* _Supplied data_:
----------------------------------------

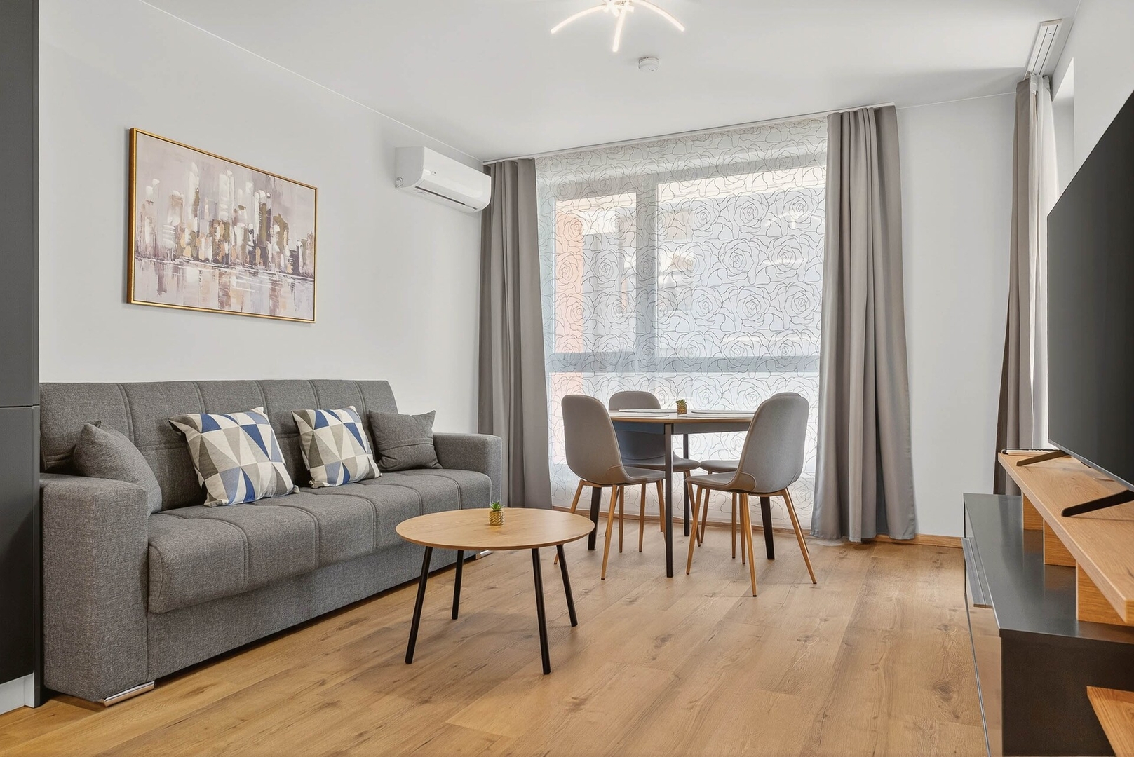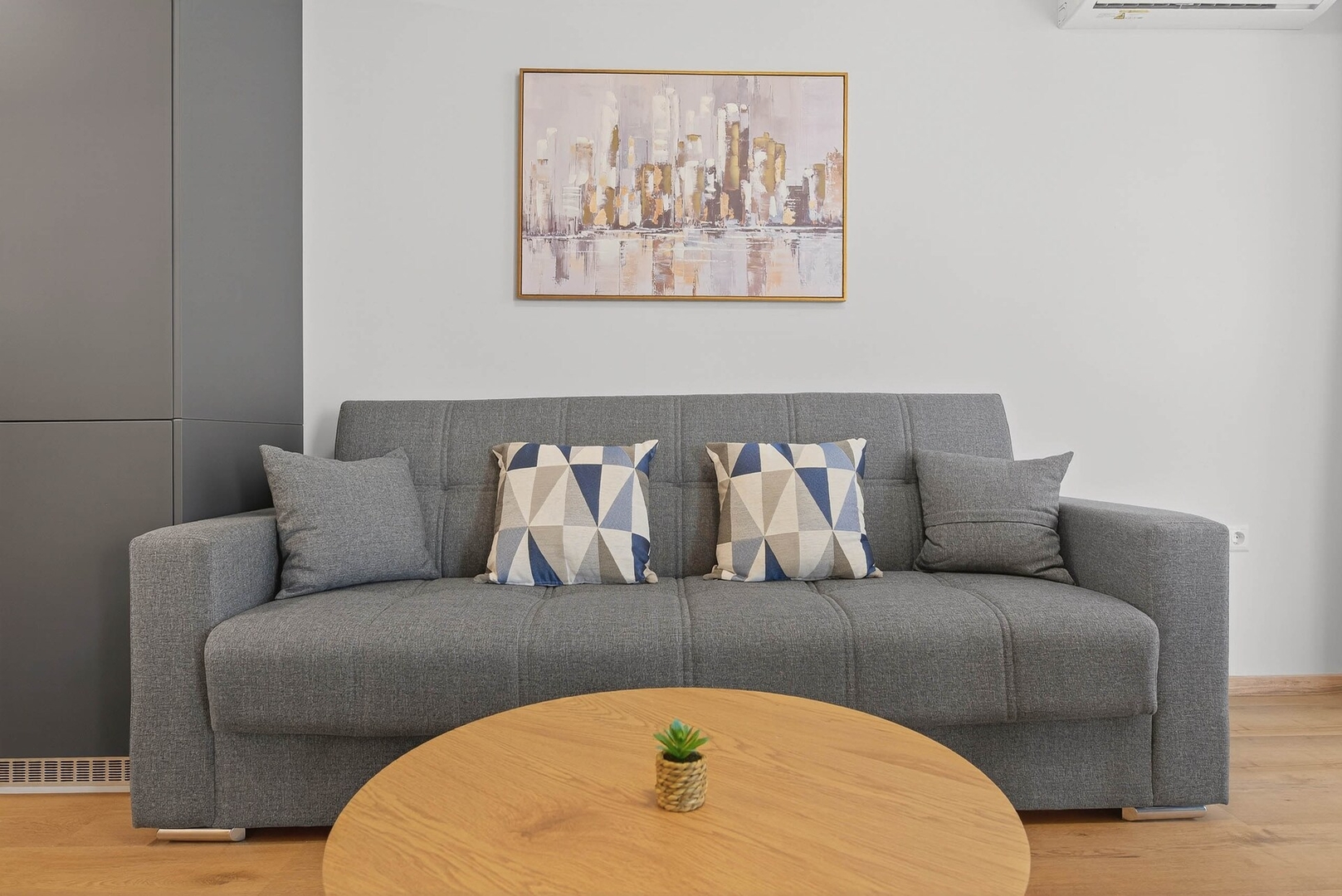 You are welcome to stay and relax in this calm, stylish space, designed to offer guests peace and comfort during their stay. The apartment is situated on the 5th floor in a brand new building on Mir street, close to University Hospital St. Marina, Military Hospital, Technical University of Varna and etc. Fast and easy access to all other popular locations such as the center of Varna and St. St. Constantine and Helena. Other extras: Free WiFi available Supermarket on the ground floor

----------------------------------------

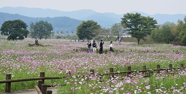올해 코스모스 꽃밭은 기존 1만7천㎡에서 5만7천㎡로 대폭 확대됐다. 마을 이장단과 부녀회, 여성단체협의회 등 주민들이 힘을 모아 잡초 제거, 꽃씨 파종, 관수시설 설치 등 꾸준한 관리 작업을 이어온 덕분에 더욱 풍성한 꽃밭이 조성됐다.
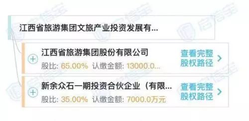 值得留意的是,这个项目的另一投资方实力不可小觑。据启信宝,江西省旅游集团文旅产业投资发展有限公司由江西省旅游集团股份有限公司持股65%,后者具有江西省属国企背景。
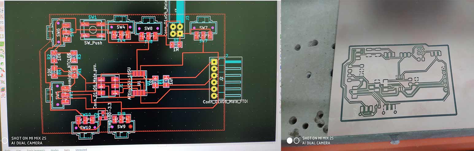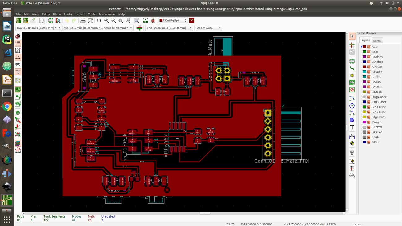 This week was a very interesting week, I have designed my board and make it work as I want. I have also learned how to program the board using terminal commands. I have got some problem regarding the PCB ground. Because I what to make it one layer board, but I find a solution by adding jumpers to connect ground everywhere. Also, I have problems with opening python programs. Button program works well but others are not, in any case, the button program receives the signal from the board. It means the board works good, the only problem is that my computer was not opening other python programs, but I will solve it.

----------------------------------------

* _Directions_: Output exactly the stretch of the listing that begins at the line containing "值得留意的是,这个项目的另一" and ends at the line containing "This week was", both kept. Omit pictures and everything else.

* _Exercise result_:
 值得留意的是,这个项目的另一投资方实力不可小觑。据启信宝,江西省旅游集团文旅产业投资发展有限公司由江西省旅游集团股份有限公司持股65%,后者具有江西省属国企背景。
 This week was a very interesting week, I have designed my board and make it work as I want. I have also learned how to program the board using terminal commands. I have got some problem regarding the PCB ground. Because I what to make it one layer board, but I find a solution by adding jumpers to connect ground everywhere. Also, I have problems with opening python programs. Button program works well but others are not, in any case, the button program receives the signal from the board. It means the board works good, the only problem is that my computer was not opening other python programs, but I will solve it.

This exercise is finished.